Extracted data entries:

-- -- --

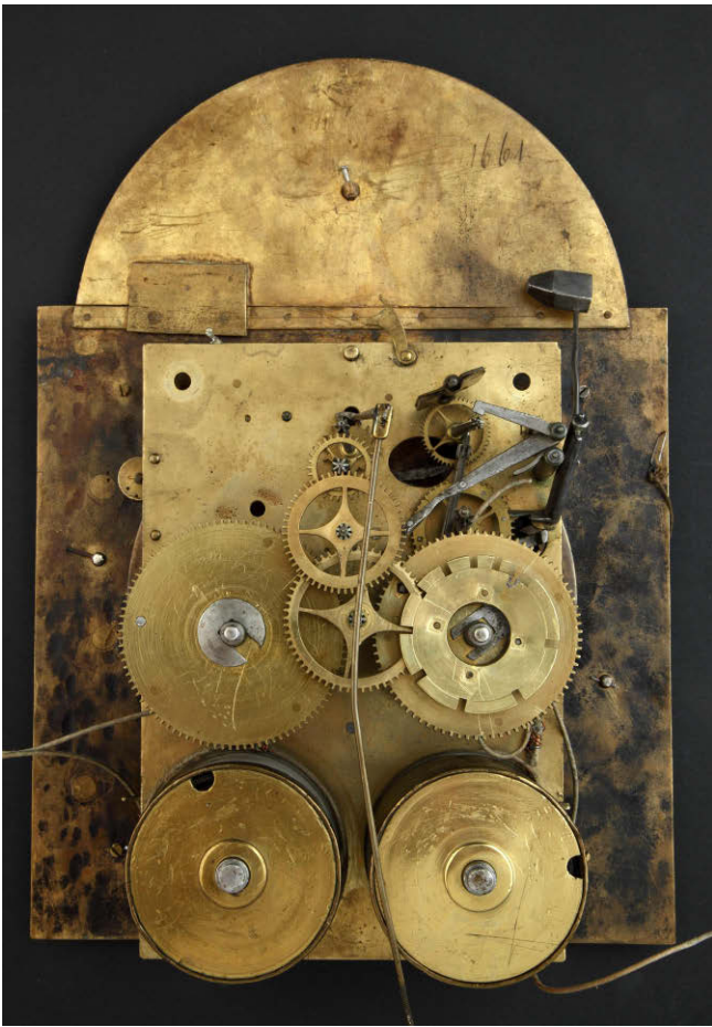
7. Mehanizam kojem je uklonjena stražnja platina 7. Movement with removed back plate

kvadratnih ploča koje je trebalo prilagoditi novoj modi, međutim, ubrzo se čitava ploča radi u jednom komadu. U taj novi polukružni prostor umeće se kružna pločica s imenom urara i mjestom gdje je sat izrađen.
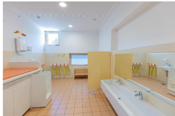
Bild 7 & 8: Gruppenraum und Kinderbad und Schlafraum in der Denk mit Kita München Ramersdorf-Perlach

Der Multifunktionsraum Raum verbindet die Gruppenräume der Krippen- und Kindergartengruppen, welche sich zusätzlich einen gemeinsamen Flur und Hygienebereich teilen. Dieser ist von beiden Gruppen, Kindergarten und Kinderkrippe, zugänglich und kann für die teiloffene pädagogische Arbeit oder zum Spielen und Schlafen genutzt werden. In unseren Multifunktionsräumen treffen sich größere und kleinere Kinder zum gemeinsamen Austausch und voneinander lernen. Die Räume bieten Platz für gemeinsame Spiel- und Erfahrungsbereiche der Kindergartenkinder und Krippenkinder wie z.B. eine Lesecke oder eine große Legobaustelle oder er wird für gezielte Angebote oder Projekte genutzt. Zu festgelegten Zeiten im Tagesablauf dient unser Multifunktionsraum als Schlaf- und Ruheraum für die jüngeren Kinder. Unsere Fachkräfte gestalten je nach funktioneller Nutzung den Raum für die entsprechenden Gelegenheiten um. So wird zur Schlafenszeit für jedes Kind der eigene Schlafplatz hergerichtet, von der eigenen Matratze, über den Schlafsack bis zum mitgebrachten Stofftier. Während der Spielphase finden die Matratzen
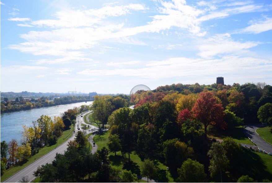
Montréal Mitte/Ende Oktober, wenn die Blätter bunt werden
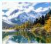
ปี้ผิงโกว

-- -- --

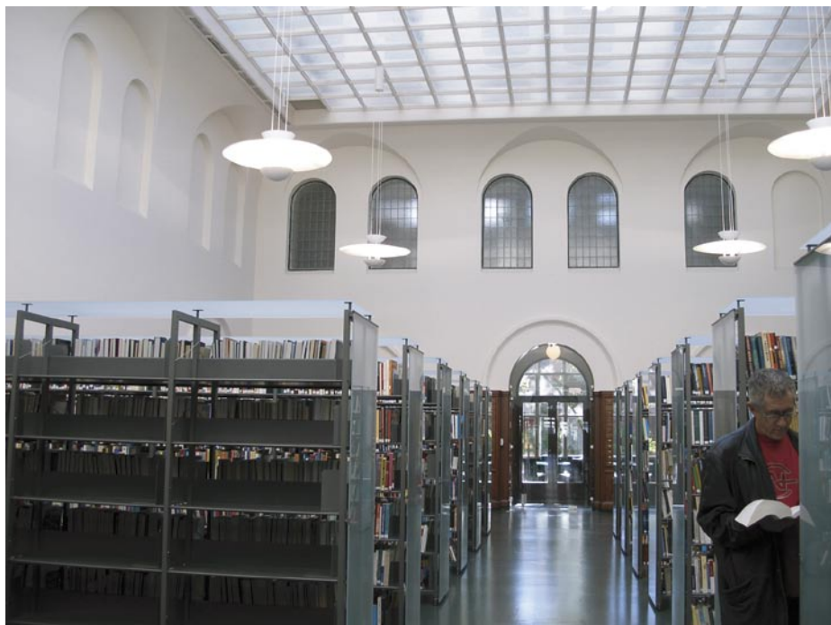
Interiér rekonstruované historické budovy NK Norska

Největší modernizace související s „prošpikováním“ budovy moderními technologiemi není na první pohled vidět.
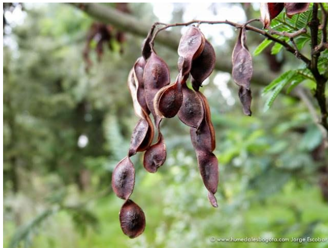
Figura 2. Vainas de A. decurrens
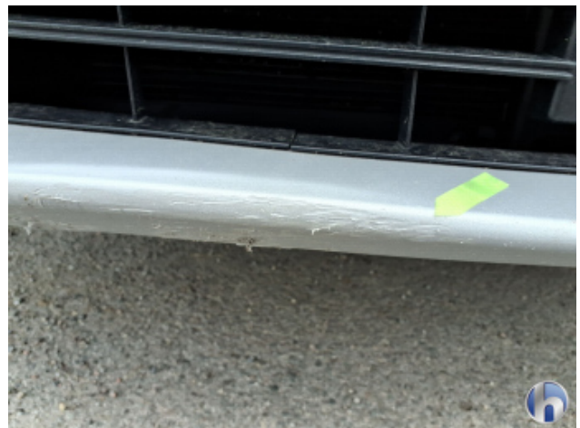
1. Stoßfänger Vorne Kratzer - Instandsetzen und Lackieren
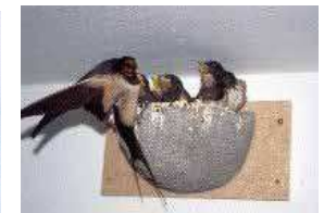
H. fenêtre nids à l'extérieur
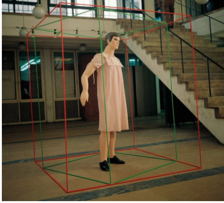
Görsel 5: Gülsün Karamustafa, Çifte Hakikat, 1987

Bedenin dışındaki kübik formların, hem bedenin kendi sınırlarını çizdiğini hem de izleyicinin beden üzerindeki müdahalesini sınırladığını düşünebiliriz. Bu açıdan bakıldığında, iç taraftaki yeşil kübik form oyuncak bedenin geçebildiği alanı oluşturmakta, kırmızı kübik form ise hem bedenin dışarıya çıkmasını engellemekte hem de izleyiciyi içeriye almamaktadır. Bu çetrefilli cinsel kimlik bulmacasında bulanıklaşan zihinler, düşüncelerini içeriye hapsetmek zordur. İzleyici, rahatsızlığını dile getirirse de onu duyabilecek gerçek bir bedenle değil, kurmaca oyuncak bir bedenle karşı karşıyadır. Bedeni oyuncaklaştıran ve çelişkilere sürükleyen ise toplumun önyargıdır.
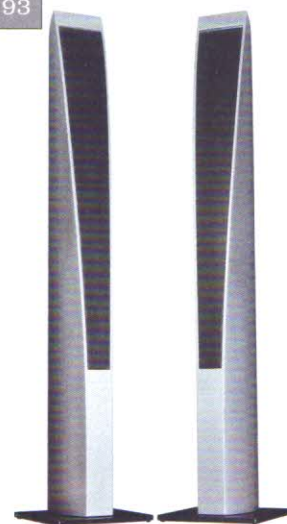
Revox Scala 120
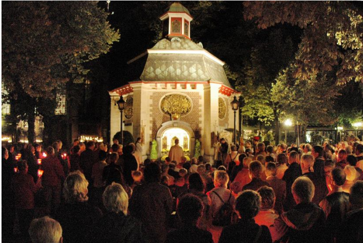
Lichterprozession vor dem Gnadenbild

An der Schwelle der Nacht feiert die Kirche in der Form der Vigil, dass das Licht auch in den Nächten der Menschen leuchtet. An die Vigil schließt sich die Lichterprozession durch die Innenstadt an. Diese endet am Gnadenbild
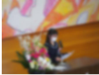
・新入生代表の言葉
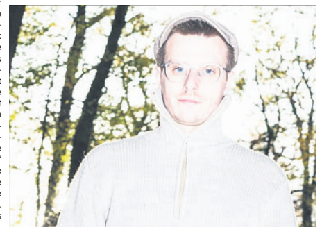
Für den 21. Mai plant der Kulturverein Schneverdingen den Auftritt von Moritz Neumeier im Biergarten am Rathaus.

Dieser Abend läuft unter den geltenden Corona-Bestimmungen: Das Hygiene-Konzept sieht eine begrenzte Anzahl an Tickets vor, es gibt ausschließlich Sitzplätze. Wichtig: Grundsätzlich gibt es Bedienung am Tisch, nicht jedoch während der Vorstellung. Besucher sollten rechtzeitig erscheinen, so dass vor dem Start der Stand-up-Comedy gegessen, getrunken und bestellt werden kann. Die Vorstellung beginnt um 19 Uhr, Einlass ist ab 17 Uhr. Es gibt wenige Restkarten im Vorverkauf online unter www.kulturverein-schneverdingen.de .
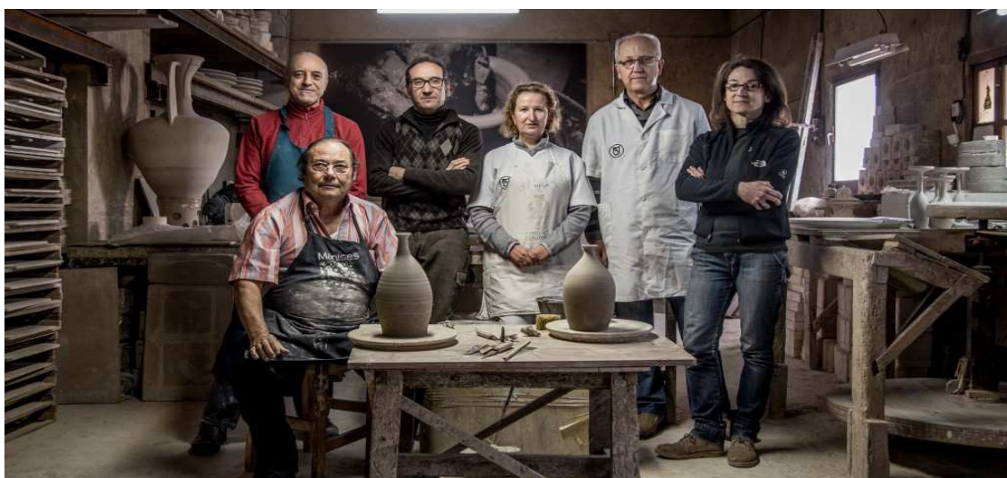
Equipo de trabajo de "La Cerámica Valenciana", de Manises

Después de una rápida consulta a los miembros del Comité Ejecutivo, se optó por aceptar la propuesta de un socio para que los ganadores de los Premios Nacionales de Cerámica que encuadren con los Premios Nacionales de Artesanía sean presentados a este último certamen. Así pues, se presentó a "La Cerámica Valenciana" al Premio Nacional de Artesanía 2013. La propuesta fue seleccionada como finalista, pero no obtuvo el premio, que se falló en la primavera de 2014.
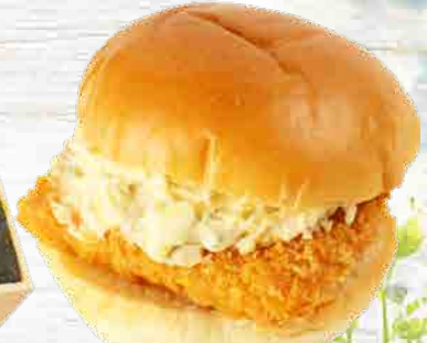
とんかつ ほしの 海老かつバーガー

-- -- --

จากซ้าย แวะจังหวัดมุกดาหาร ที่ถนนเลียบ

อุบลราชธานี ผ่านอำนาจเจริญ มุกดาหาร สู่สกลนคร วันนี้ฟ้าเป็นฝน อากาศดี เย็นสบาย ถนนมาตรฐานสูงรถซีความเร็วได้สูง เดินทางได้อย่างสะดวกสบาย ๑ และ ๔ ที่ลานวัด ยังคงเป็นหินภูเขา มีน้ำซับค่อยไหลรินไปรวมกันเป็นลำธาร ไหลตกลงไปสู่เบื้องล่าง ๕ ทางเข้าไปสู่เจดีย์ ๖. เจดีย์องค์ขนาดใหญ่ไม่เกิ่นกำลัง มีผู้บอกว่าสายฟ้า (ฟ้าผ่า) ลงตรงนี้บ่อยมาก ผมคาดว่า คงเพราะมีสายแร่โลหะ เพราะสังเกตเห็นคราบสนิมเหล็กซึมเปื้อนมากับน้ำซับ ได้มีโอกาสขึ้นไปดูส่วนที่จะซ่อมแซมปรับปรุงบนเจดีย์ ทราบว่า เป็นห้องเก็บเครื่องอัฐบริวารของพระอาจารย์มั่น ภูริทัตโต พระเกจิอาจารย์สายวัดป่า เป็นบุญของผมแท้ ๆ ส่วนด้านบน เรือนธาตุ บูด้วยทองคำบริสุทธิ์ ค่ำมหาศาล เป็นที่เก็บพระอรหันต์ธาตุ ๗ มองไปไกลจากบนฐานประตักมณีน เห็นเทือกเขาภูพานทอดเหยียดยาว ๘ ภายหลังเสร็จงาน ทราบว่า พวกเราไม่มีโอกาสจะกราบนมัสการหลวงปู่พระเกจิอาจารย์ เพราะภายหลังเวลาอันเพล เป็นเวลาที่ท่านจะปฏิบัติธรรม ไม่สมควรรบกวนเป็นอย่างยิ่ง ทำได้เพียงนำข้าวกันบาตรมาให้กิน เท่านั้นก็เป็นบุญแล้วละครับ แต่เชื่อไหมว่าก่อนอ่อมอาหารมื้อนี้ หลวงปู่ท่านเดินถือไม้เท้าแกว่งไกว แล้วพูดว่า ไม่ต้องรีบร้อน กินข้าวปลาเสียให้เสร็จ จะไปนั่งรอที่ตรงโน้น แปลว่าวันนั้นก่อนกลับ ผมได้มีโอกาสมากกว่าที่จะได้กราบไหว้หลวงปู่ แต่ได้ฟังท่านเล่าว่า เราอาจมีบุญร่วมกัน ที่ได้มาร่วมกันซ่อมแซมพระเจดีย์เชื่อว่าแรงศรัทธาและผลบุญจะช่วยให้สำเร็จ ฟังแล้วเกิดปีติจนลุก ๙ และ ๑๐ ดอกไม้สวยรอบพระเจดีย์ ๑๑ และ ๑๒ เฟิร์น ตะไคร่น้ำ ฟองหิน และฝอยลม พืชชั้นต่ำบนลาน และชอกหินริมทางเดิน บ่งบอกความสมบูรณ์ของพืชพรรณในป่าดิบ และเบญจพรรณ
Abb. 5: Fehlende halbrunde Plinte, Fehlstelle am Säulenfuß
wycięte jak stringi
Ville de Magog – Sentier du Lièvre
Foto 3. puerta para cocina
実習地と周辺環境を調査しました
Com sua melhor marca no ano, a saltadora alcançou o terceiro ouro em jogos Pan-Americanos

-- -- --

WORK ITEM:
Pull every line holding "para" out of the records.

RESPONSE AREA:
Después de una rápida consulta a los miembros del Comité Ejecutivo, se optó por aceptar la propuesta de un socio para que los ganadores de los Premios Nacionales de Cerámica que encuadren con los Premios Nacionales de Artesanía sean presentados a este último certamen. Así pues, se presentó a "La Cerámica Valenciana" al Premio Nacional de Artesanía 2013. La propuesta fue seleccionada como finalista, pero no obtuvo el premio, que se falló en la primavera de 2014.
Foto 3. puerta para cocina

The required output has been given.